Implementation-defined until C99, explicitly possible via UCNs aince c99, possible with explicit encoding since C23, but literals are still implementation defined.

15. Y_Y ◴[30 Jun 25 16:07 UTC] No.44424911{7}[source]▶

>>44424740 #

What; like APL‽

16. nottorp ◴[30 Jun 25 19:16 UTC] No.44426840{7}[source]▶

>>44424740 #

Dunno about the OP but I'm very aware as I'm not an english speaker.

I still don't want anything as unpredictable as Unicode in my code. How many different encodings will display as the same variable name and how is the compiler supposed to decide?

If you're thinking of comments and user facing strings, the OP already excluded those.

replies(1): >>44435280 #

17. account42 ◴[01 Jul 25 07:43 UTC] No.44431566{7}[source]▶

>>44424740 #

And those are not programming languages, or at least not the C programming language which only needs a very limited character set.

replies(1): >>44436431 #

18. kzrdude ◴[01 Jul 25 09:19 UTC] No.44432063{7}[source]▶

>>44424558 #

To be sure, it's a joke. Mostly trying to joke at the expense of these excessively complicated variable names (that are only there because it's pseudocode) :)

And yeah, the chinese tone in practice does not align with the idea of "down a little up a lot" either. It depends on context...

19. cryptonector ◴[01 Jul 25 16:03 UTC] No.44435280{8}[source]▶

>>44426840 #

The language and compiler & linker should reject Zalgo in identifiers, and they should reject confusable script mixes in identifiers, but otherwise they treat all equivalent strings as equivalent. To make it easier on the linker compilers should normalize all symbols to one common form (e.g., NFC).

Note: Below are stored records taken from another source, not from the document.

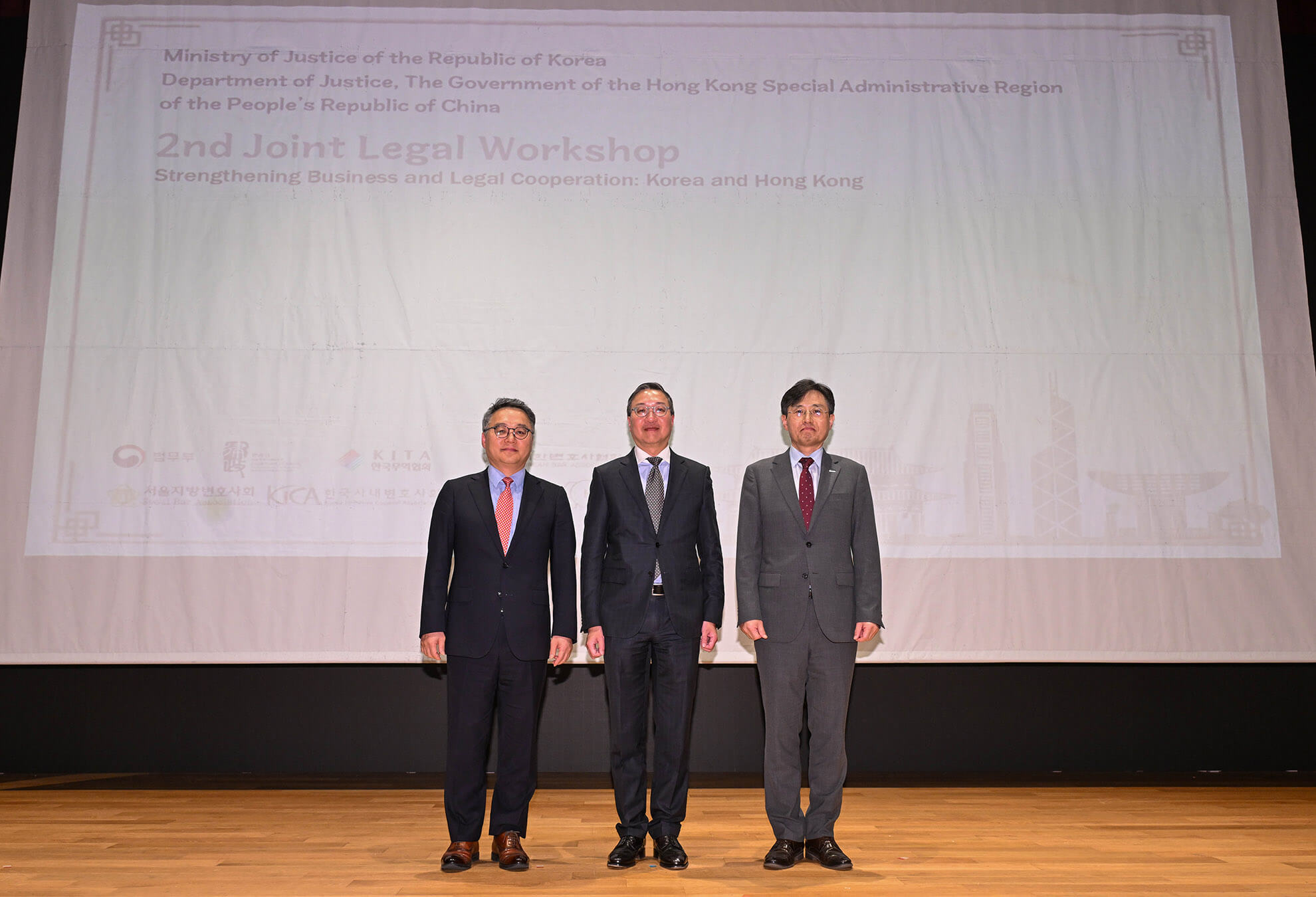 律政司司长林定国资深大律师今日(十月二十四日)在韩国首尔出席由律政司和韩国法务部合办题为「加强韩国与香港的商业和法律合作」的联合法律工作坊。图示林定国(中)丶韩国法务部国际法律事务部副部长郑洪式(左)和韩国贸易协会贸易推广组执行董事Jeong Hee-cheol(右)在工作坊上合照。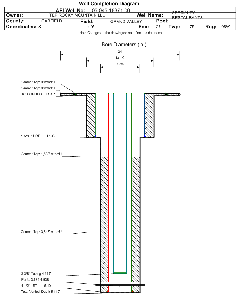 | | Perforation Data: | | Interval Top: | 3634 ft. | # Of Holes: | 101 | | Interval Bottom: | 4938 ft. | Hole Size: | 0.35 in. |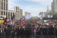На акции протеста против цензуры в интернете в Москве звучат и политические лозунги, такие как "Россия будет свободной!" и "Долой царя!"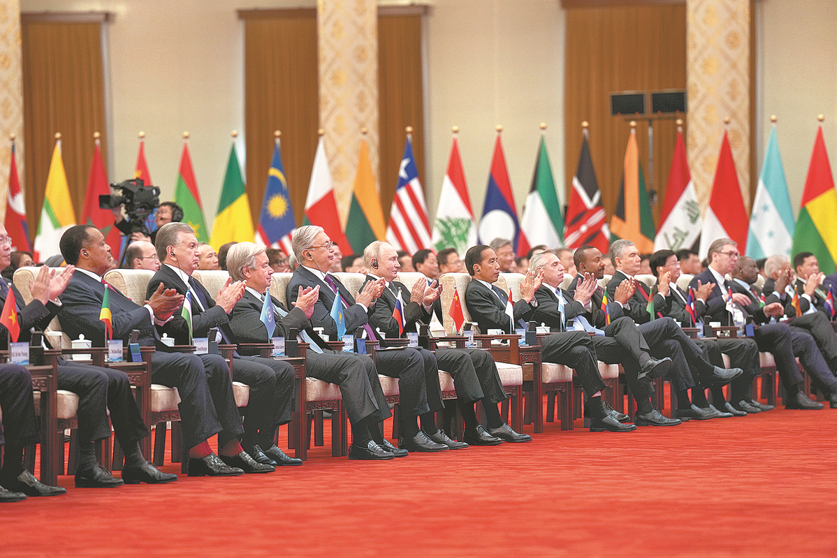 Foreign leaders attending the third Belt and Road Forum for International Cooperation applaud at the forum's opening ceremony in the Great Hall of the People on Wednesday. ZHANG YAO/FOR CHINA DAILY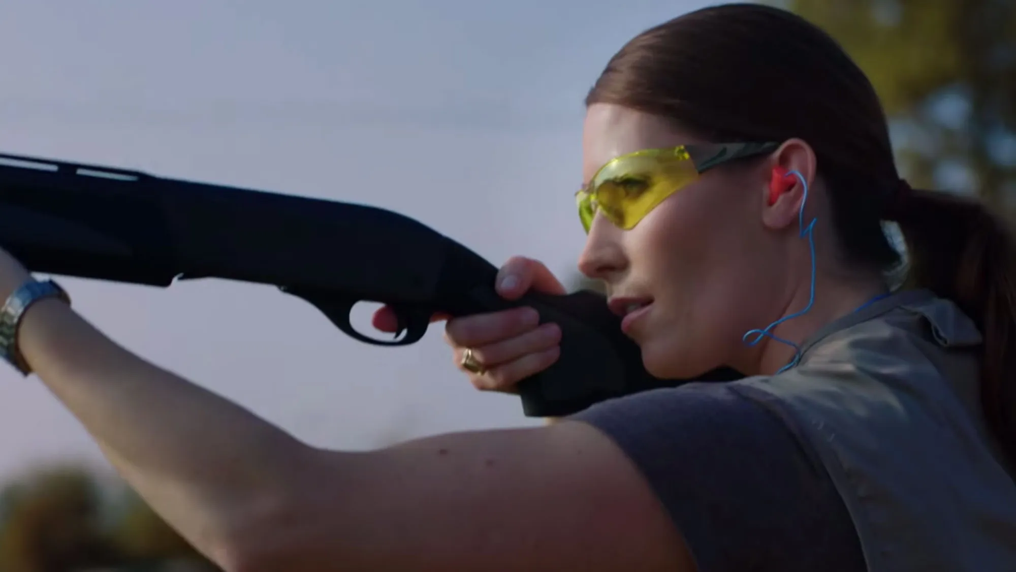 阿莉森·伦德根·格赖姆斯在一段竞选视频中射击飞碟。

20. steveklabnik ◴[01 Jul 25 17:54 UTC] No.44436431{8}[source]▶

>>44431566 #

C does allow for limited unicode in identifiers, though you need to use the \u prefix and write the code out. Compilers like clang let it work like C++ and follow TR31, though this is nonstandard.

replies(1): >>44441249 #

21. account42 ◴[02 Jul 25 08:14 UTC] No.44441249{9}[source]▶

>>44436431 #

Yes, these are the relatively recent additions being discussed here. C and C++ managed just fine for ages without them before the committees decided that scoring brownie points with performative changes was more important than security and readability of source files.